Le scandale Cahuzac restera comme le premier accroc à la "République exemplaire" voulue par François Hollande : depuis, la France a renforcé ses outils contre la fraude, avec la création d'une Haute autorité pour la transparence de la vie publique et une agence anticorruption.

C'est aussi l'histoire de la chute d'un homme qui avait "une part d'ombre". Un chirurgien de talent saisi du virus de la politique, un ministre brillant, selon collaborateurs et élus de tous bords. Mais aussi, comme l'a crûment mis en lumière le procès, un fraudeur au nom de code "Birdie" qui se fait remettre dans la rue des liasses de billets provenant de ses comptes cachés.

Quand, en décembre 2012, Médiapart révèle que le ministre du Budget a un compte en Suisse, Jérôme Cahuzac nie et s'enferre dans le mensonge. Il finira par démissionner le 19 mars 2013, puis avouer le 2 avril.
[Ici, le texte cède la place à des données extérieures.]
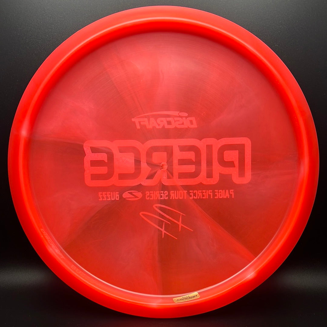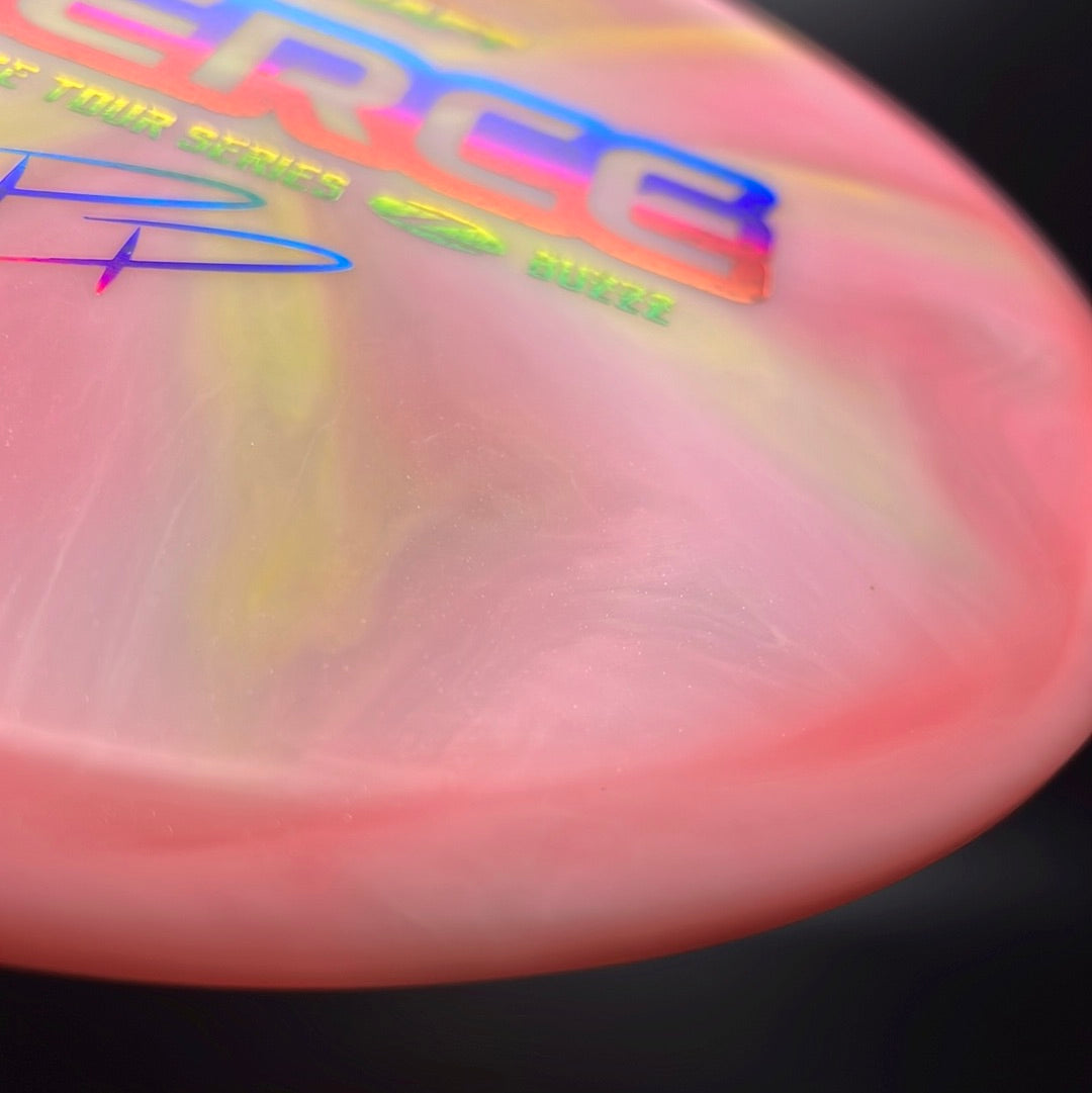 The Z Swirl Tour Series plastic brings its signature, translucent swirls to this run of the Buzzz. Expect this to be slightly more overstable than the standard Z run, but with added tackiness for grip. The Buzzz is the straightest midrange on the market and is the most popular disc in the world.

Le procès a mis à nu les secrets bancaires d'un couple dans la tourmente. Dans les années 90, il fallait placer l'argent qui coulait à flot de la florissante clinique d'implants capillaires gérée par les époux.

Leur patrimoine global dissimulé est estimé à 3,5 millions d'euros. L'argent s'est retrouvé à hauteur de 600.000 euros sur le compte suisse de Jérôme Cahuzac, transféré en 2009 de la banque genevoise Reyl vers la Julius Baer de Singapour, à hauteur de 2,7 millions d'euros sur le compte de l'île de Man géré par Patricia Cahuzac, et pour près de 240.000 euros de chèques versés sur les comptes de la mère de l'ex-chirurgien.

Quatre ans après le séisme, Jérôme Cahuzac, avait avancé l'explication surprise d'un financement politique, affirmant que le premier compte ouvert à l'Union des banques suisses (UBS) en 1992 était destiné à financer le courant de feu Michel Rocard. Une "hypothèse du trésor" sèchement écartée par le tribunal, qui s'est interrogé sur l'atteinte portée à l'image d'un ancien Premier ministre.